What to do: ERr 731 is sold in the US as Estrovera (one 4 mg tablet daily). It is one of the few products where the brand actually matters because the supplement is a specific standardized extract — generic "rhubarb root" is not the same. View on Amazon.
Black cohosh (*Cimicifuga racemosa*) — Limited to Moderate evidence
Black cohosh is the most popular herbal menopause supplement and the most controversial. The evidence is genuinely divided. A 2024 narrative review in Current Issues in Molecular Biology (PMC) concluded that black cohosh appears effective for vasomotor symptoms in early menopause, but a Cochrane-style systematic review (PMC) found that benefits over baseline often disappeared when compared to placebo — meaning a lot of the perceived improvement is placebo response.
The standardized extract used in the positive trials is Remifemin (40 mg/day of an isopropanolic extract). A 2014 placebo-controlled RCT (PMC) of this extract in early-menopause women showed significant improvement in Kupperman Menopausal Index versus placebo.
What to do: If you try black cohosh, use Remifemin specifically (View on Amazon) at 40 mg/day for 8 weeks. Stop if you do not see meaningful improvement.

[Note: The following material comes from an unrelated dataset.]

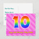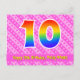 El frente de este diseño de tarjeta postal con tema de cumpleaños alegre y feliz presenta un gran número "10" con un patrón inspirado en el gradiente del espectro del arcoíris. También presenta el mensaje "Feliz cumpleaños 10" y un nombre de destinatario personalizable. La parte delantera también tiene un patrón a rayas rosa oscuro y rosa claro alegre con formas de corazón. La parte trasera incluye un mensaje de saludo de cumpleaños personalizado, o quizás podría estar en blanco si se desea escribir un mensaje a mano en su lugar. Una tarjeta postal de cumpleaños personalizada como esta podría ser una forma divertida de celebrar el décimo cumpleaños de alguien. Tarjetas postales como esta también podrían usarse para invitar a los invitados a una celebración de cumpleaños que se celebra para alguien que cumple 10 años. [~Z0000449]

Black cohosh has had rare reports of hepatotoxicity, so do not stack it with alcohol or other liver-stressing supplements, and discontinue if you develop jaundice or abdominal pain.
What does *not* work for hot flashes
- Evening primrose oil — no consistent benefit in RCTs.
- Wild yam cream — does not convert to progesterone in the body, despite marketing claims.
- Dong quai — null in placebo-controlled trials.
- Vitamin E — modest at best, ~1 hot flash per day reduction.
- Maca — small studies, low quality.
- Red clover — meta-analyses are largely null on hot flashes.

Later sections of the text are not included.